Notice: The reproducibility variables underlying each score are classified using an automated LLM-based pipeline, validated against a manually labeled dataset. LLM-based classification introduces uncertainty and potential bias; scores should be interpreted as estimates. Full accuracy metrics and methodology are described in Coakley et alK. L. Coakley, T. Snelleman, H. Hoos, and O. E. Gundersen, "The embrace of open science: An analysis of a decade of AI research and 56 800 conference papers," Under Review, 2026..

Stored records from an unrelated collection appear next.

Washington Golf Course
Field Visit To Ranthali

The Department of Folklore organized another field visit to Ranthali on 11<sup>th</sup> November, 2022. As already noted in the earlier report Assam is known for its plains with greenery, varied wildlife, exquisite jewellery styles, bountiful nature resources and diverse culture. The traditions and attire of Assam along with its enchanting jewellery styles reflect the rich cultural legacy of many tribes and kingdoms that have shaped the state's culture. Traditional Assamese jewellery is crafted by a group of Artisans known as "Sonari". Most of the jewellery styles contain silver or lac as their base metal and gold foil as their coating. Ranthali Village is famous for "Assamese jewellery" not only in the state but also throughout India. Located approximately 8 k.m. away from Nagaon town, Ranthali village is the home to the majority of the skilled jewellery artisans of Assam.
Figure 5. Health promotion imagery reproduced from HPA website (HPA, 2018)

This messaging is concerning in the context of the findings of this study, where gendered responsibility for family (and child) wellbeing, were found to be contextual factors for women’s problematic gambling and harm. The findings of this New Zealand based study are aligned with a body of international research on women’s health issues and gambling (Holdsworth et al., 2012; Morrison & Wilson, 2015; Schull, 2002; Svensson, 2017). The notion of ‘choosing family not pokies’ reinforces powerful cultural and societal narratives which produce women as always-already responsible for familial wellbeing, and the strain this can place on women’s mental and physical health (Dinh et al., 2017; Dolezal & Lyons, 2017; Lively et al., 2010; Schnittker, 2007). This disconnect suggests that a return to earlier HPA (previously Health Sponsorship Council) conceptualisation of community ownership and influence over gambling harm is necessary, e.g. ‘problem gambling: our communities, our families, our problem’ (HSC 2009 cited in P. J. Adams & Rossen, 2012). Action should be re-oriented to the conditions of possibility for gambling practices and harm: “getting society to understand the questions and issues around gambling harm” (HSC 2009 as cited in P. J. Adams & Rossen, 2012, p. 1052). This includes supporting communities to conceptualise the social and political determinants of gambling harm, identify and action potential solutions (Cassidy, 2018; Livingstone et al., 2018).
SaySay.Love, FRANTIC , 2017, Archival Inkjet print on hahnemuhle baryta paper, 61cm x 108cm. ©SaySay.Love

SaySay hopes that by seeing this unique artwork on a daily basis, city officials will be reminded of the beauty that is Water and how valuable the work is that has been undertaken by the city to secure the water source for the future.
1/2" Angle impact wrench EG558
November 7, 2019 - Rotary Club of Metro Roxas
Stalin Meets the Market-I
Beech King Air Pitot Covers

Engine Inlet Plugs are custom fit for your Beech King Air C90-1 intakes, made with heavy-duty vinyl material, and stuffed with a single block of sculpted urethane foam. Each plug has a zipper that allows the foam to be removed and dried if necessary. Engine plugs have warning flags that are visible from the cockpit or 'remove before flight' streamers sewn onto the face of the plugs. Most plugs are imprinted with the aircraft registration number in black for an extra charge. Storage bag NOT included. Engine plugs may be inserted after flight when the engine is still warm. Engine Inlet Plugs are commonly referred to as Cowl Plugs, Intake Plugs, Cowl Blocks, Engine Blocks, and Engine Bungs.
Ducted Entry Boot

MGE-LDM: Joint Latent Diffusion for Simultaneous Music Generation and Source Extraction

Authors: Yunkee Chae, Kyogu Lee

NeurIPS 2025 | Venue PDF | LLM Run Details

Reproducibility Variable Result LLM Response
Research Type Experimental In this section, we outline our experimental protocol, including baseline models, datasets, and key implementation details. A comprehensive description of hyperparameters and training procedures is provided in Appendix D. All baseline results are re-evaluated using our test sets to ensure consistency with our experimental setup.

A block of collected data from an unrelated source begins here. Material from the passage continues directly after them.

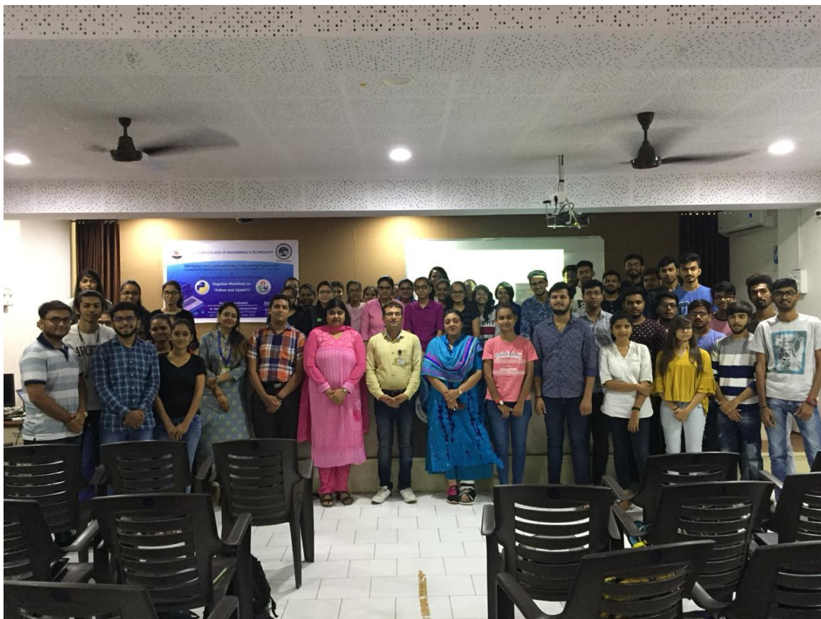
Group of ISTE student participants with workshop coordinators and ISTE representatives
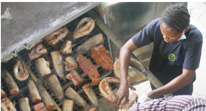
One of the trained youths in Warri producing smoked catfish

The project recorded the start-up of 40 agribusiness enterprises, establishment of two community based cassava processing centres and fish ponds, which are operated by the youths.
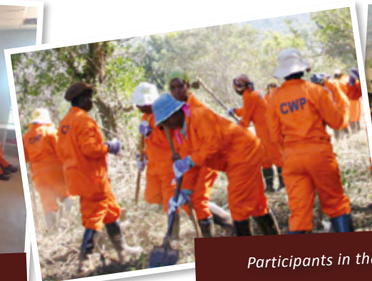
Participants in the CWP hard at work.
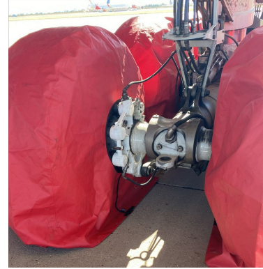
Boeing 777 Main Gear Tire Covers
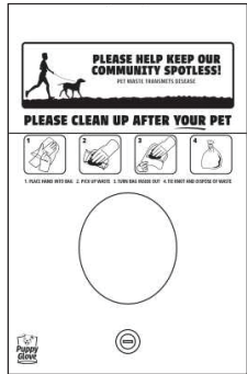
■ Aluminum Bag Dispenser
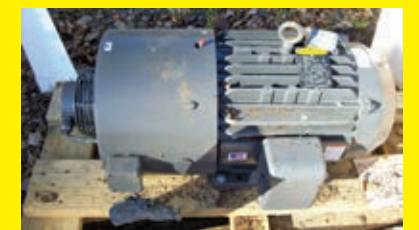
BALDOR-RELIANCE INVERTOR DRIVE MOTOR 15HP.
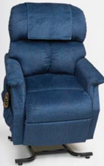
Comforter Junior Petite PR-501JP
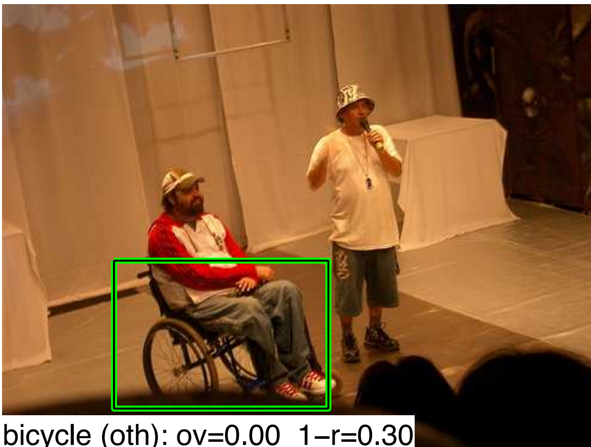
bicycle (oth): ov=0.00 1-r=0.30

Researcher Affiliation Academia Yunkee Chae1 Kyogu Lee 1,2,3 Music and Audio Research Group (MARG) 1 Interdisciplinary Program in Artificial Intelligence (IPAI) 2 AIIS, 3 Department of Intelligence and Information Seoul National University EMAIL
Pseudocode Yes Algorithm 1 Inpainting using the Re Paint approach. Algorithm 2 Inpainting using adaptive timestep approach
Open Source Code Yes We released the full training code and all model checkpoints under an open-source license.
Open Datasets Yes We train and evaluate on three multi-track music datasets: Slakh2100 [37], MUSDB18 [38] (denoted Mu), and Moises DB [39] (denoted Mo).

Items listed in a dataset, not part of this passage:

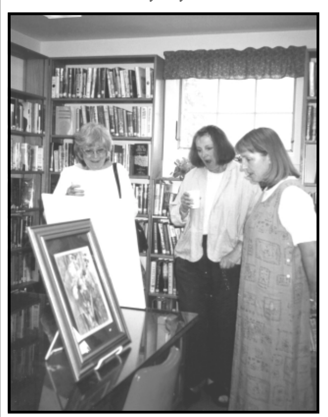
Library patrons admire artwork, which will be available at the Silent Auction at Jordan-Small School on July 8<sup>th</sup>.

These paintings are now on exhibit at the library until the Fair on July 8. If you are unable to attend the Fair, but would like to bid on any one of the pictures, there are bid sheets at the library for your convenience.
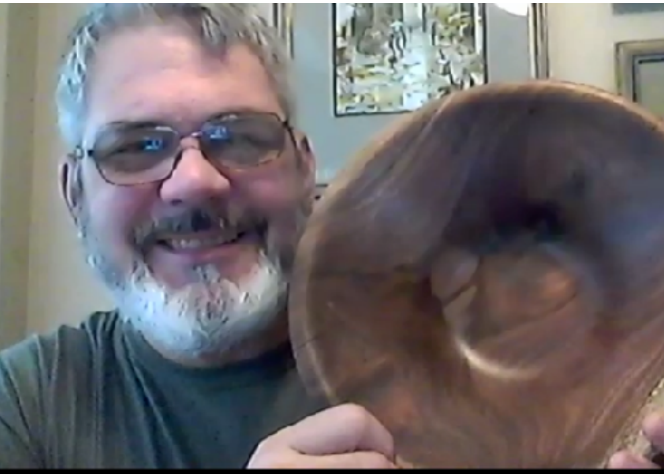
Ed's nice bowl
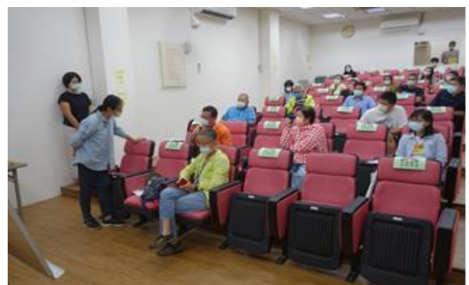
topic discussing and mutual communication for volunteers.
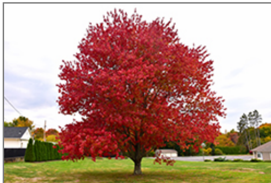
Red Maple in fall
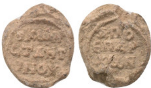
1376 Byzantine Lead Seals Weight: 13.08 g Diameter: 26.07 mm 2
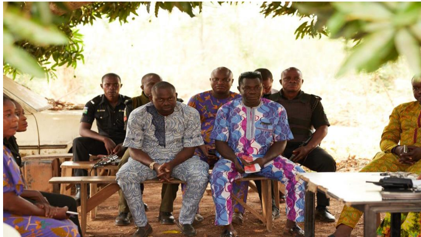
Police officers listening to and watching the presentation

At that seminar, a talk was also delivered by the Administrator of the Law Clinic concerning the new provisions contained in the Law. He emphasized on the need to inform suspects about the crime they are alleged to have committed as well as their rights to remain silent and to counsel at the point of arrest. Twenty police officers were in attendance including the highest ranking officer at the station, the Divisional Police Officer (DPO).

Dataset Splits Yes Slakh2100... comprises 2100 songs divided into training (1500), validation (375), and test (225) splits... MUSDB18... use all 100 tracks from the official training split for training and the 50-track test split for evaluation... Moises DB... randomly sample 24 tracks (10%) as the test set and use the remaining tracks for training.
Hardware Specification Yes All models were trained on a single NVIDIA RTX 6000 GPU (48 GB of memory).
Software Dependencies Yes Text embeddings are obtained from CLAP [56] using the checkpoint music_audioset_epoch_15_esc_90.14.pt via the laion-clap library.5 Our implementation builds upon the official stable-audio-tools repository from Stability AI6 and the training framework from friendly-stable-audio-tools.7
Experiment Setup Yes All of our models, except the one trained on the full dataset combination (SA, SB, Mu, Mo), are trained for 200K iterations with a batch size of 64, using 16 k Hz audio segments of 10.24 seconds. The full combination model is trained for 320K iterations with a batch size of 128. During sampling and inpainting, we apply classifier-free guidance (CFG) with a guidance scale of 2.0 and a per-track dropout probability of p = 0.1. All diffusion-based samples including those from baseline models are generated using 250 inference steps.